New Delhi: The chief of the Australian domestic intelligence agency has said that there’s “no reason to dispute” Canadian Prime Minister Justin Trudeau’s claims of a possible link between Indian government agents and the killing of Sikh separatist and Canadian citizen Hardeep Singh Nijjar.
In an interview with Australian news channel ABC News, Australian Security Intelligence Organisation (ASIO) director-general Mike Burgess stopped just short of endorsing the Canadian PM’s allegations.
His remarks on the sidelines of a public summit of Five Eyes intelligence partners in California, came after he was asked for his assessment of Canada's allegations.

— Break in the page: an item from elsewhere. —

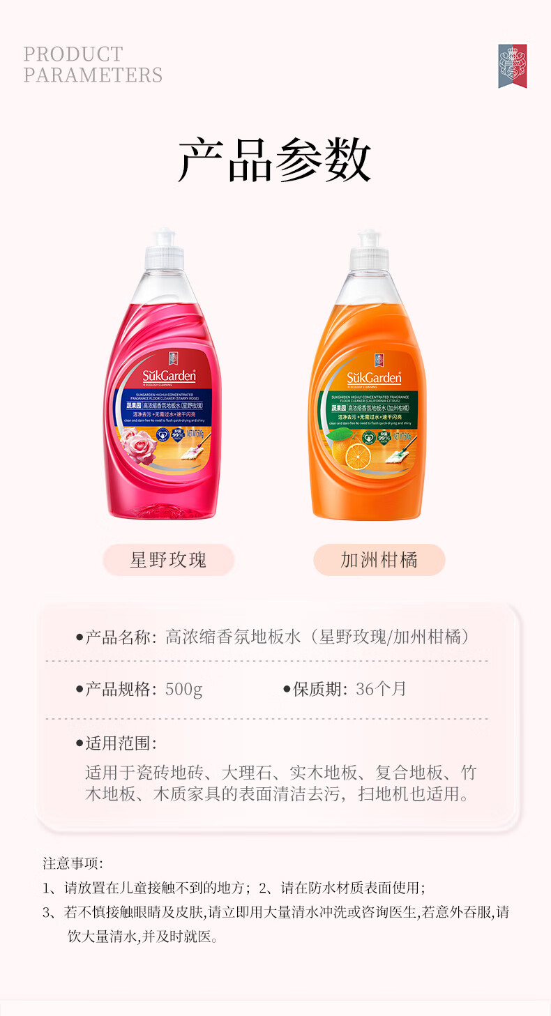 商品名称:蔬果园 SukGarden 高浓缩香氛地板水(加州柑橘)-500g SGY0523

"No reason to dispute what the Canadian government has said in this matter," ABC News quoted Burgess as saying.
"There's no doubt any allegation of any country being accused of carrying out an execution of a citizen in that country, it's a serious allegation, and something that we don't do and something that nations should not do," he added.
Australia is a member of the Quad group of countries that includes India and is also part of the Five Eyes intelligence alliance with the US, Canada, the UK, and New Zealand.
While addressing the Canadian Parliament, Trudeau had said that government authorities were investigating “credible allegations of potential links” between Indian government agents and the killing of Nijjar, chief of the pro-Khalistan outfit Khalistan Tiger Force and a designated terrorist in India, in June.
Trudeau’s allegations triggered a major diplomatic row between Canada and India with India rejecting the accusations as "absurd" and expelling a senior Canadian diplomat in response.
Nijjar was shot dead by unidentified assailants outside a gurdwara in Canada’s British Columbia on 18 June, kicking up a row that involved the two countries expelling each other’s diplomats.
As the row escalated, US Ambassador to Canada David Cohen admitted there was “shared intelligence among Five Eyes partners”.